Struggling Diversity and Insufficient Production: The Challenges Preventing China from Ditching Nvidia Hardware for AI Advancements
=================================================================
China's pursuit of AI self-reliance is gaining momentum, despite the challenges posed by U.S. sales restrictions on advanced GPUs like Nvidia's HGX H20 and AMD's Instinct MI308.
The Chinese government's push for self-sufficiency in its semiconductor industry, including AI accelerators, has been ongoing since the mid-2010s. Notable advancements include the development of the CloudMatrix 384, a rack-scale AI supercomputer by Huawei, and the creation of several domestic AI accelerators in 2025.

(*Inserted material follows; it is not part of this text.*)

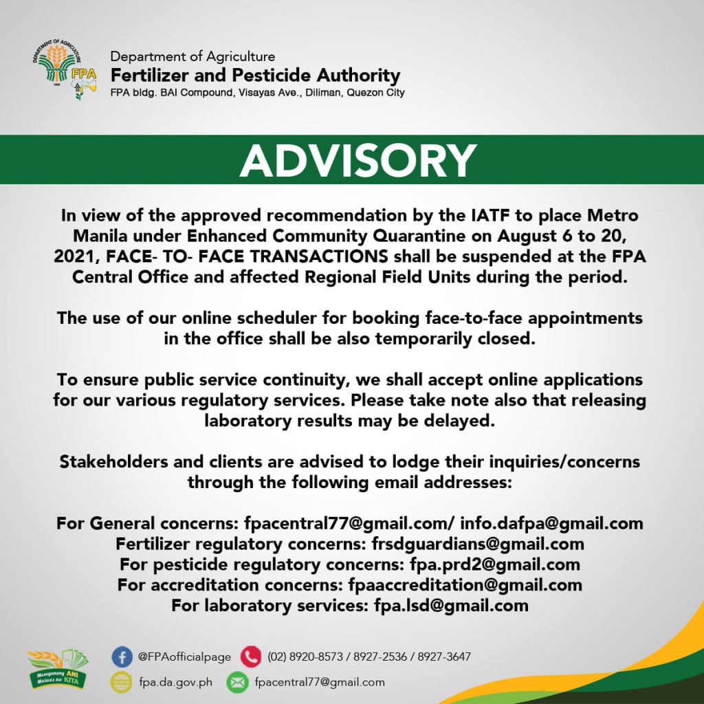 #ADVISORY: In view of the approved recommendation by the IATF to place Metro Manila under Enhanced Community Quarantine on August 6 to 20, 2021, FACE- TO- FACE TRANSACTIONS shall be suspended at the FPA Central Office and affected Regional Field Units during the period.
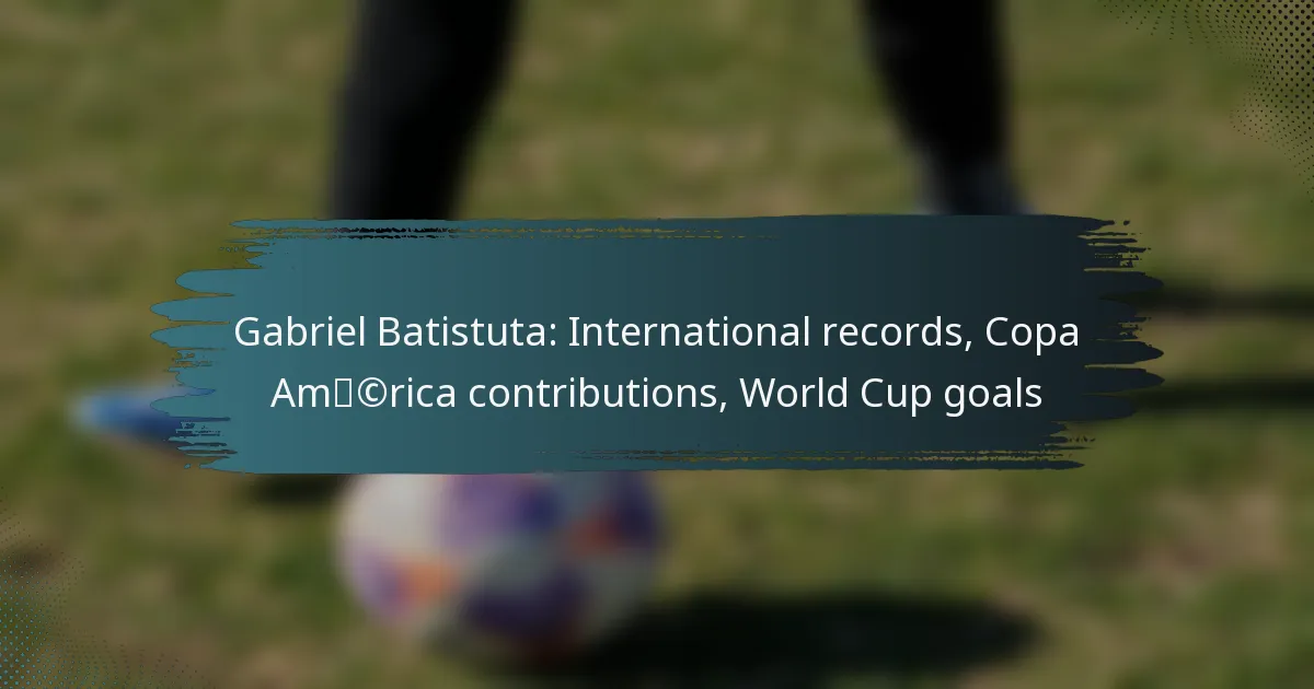Gabriel Batistuta is renowned for his impressive international records with the Argentina national team, where he made significant contributions in terms of goals and appearances. His legacy includes a remarkable goal-scoring record and notable achievements in major tournaments like the Copa América and the FIFA World Cup.

However, China's domestic AI hardware is still years behind that of AMD and Nvidia. Despite significant progress, with chips reaching up to 85% of Nvidia H20's performance, there is a growing expectation that new models will close the gap by 2026-27.
The maturity of China's domestic AI software stack, however, lags significantly behind Nvidia's CUDA ecosystem. The CUDA platform, a dominant factor in AI development globally, offers a highly optimized and widely adopted environment for AI model training and inference, with strong multi-GPU scaling through NVLink interconnects. Chinese domestic software toolkits, such as Huawei's Compute Architecture for Neural Networks (CANN), struggle with performance instability, limited interoperability, and weaker chip-to-chip communication.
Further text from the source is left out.